Ютака Нагая,b, Тошиаки Судзукия, Сусуму Ямашитаа, Тошио Йохк, Юджи Тасакид,*.

aРазработка и исследовательская лаборатория, Niigata Meijo Co., Ltd., 1-8-39 Toei, Ojiya, Niigata 947-0004, Япония

bВысшая школа науки и технологии и cКафедра прикладной биологической химии сельскохозяйственного факультета Университета Ниигата, 2-8050 Икараси, Ниси-ку, Ниигата, 950-2181, Япония

dДепартамент инженерии материалов, Национальный технологический институт, колледж Нагаока, 888, Нисикатагаи, Нагаока, Ниигата 940-8532, Япония

*Корреспондирующий автор:

Ю. Тасаки

Тел: +81-258-34-9405

Факс: +81-258-34-9700

E-mail: ytasaki@nagaoka-ct.ac.jp

Текст: 10 страниц; таблицы: 1; рисунки: 1

Аннотация

Здесь мы описываем C8-222, новый штамм Saccharomyces cerevisiae Meijo-9, устойчивый к церуленину, который кодирует точечную мутацию( мутацияFAS2-1253A ), приводящую к замене Gly на Ala в положении 1,253 альфа-субъединицы синтазы жирных кислот (белок Fas2), которая была выделена традиционным скринингом в присутствии церуленина. Примечательно, что эта мутация привела к усиленному производству каприловой кислоты, но не капроевой кислоты. Поскольку каприловая кислота является предшественником этил каприлата, соединения, придающего "фруктово-цветочный" вкус, использование этого мутанта может позволить производить новые виды саке.
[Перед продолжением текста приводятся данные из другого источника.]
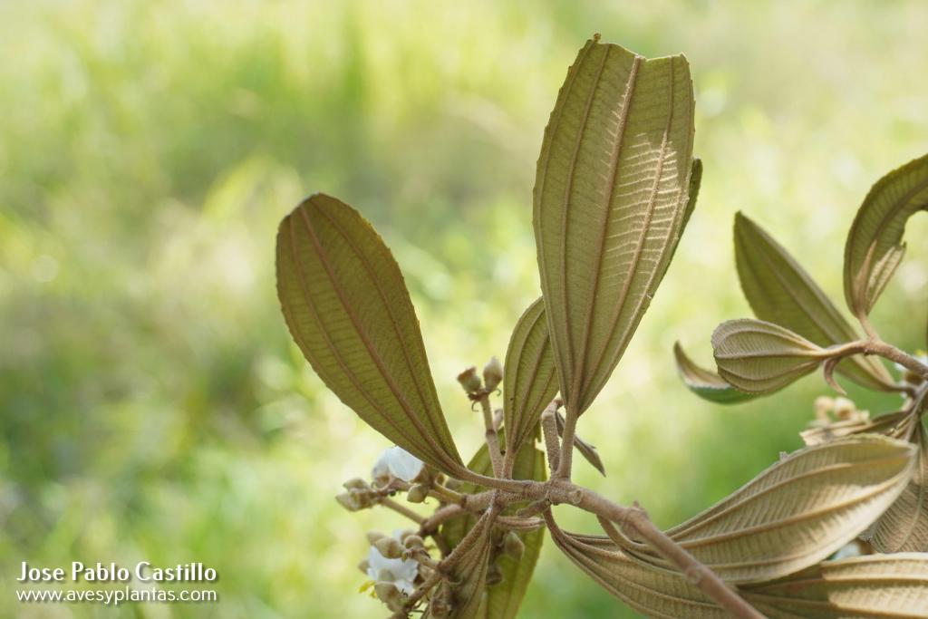 Descripción: Arbusto o árbol pequeño de 3-15m. Hojas simples, opuestas, sin estípulas, con lámina de 5–17 × 1.7–7 cm. Se reconoce por la pubescencia estrellada y la tonalidad pardo-blancuzca en el envés de sus hojas. Flores con 5 pétalos de color blanco a rosado. Frutos son bayas moradas de 7–9 mm(1).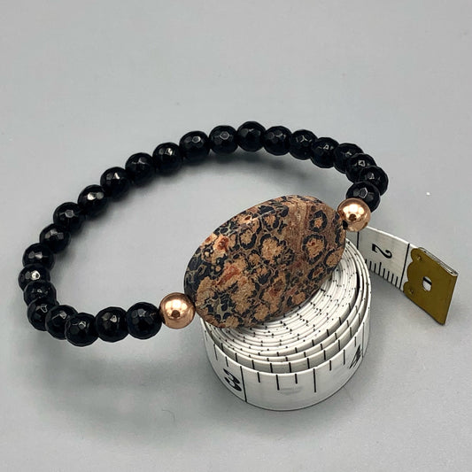 Leopard Print Jasper Gemstone , Faceted Black Onyx, and 14 Kt Gf Women’s Stretch Bracelet

Ключевые слова: C8 среднецепочечная жирная кислота, церуленин-резистентный штамм, синтаза жирных кислот, компонент вкуса, дрожжи для саке

Saccharomyces cerevisiae - ключевой микроорганизм в индустрии алкогольных напитков, который используется не только как агент брожения, но и как определитель вкуса. Поэтому постоянно ведется поиск дрожжевых штаммов со специфическими или желательными характеристиками для улучшения качества или производственных процессов алкогольных напитков. Что касается вкуса, то дрожжевой штамм K-1801 (Yoshida 2006), который производит высокие уровни желательного компонента яблочного вкуса - этил капроата, в настоящее время широко используется для производства саке, японского алкогольного напитка. Первоначально K-1801 был выделен как мутант, проявляющий устойчивость к антибиотику церуленину, ингибитору синтазы жирных кислот, путем культивирования в присутствии церуленина (Inokoshi et al. 1994). Повышенный уровень продукции этил-капроата, наблюдаемый у этого штамма, вероятно, связан с повышенным синтезом предшественника капроевой кислоты (гексаноевой кислоты, среднецепочечной жирной кислоты C6). Между тем, было установлено, что устойчивость к церуленину и повышенный уровень продукции капроевой кислоты, наблюдаемые у K-1801, являются результатом точечной мутации в гене синтазы жирных кислот FAS2, приводящей к замене аминокислоты (Gly1250Ser, 1250S) в положении 1250 альфа-субъединицы синтазы жирных кислот (белок Fas2) (Aritomi et al. 2004).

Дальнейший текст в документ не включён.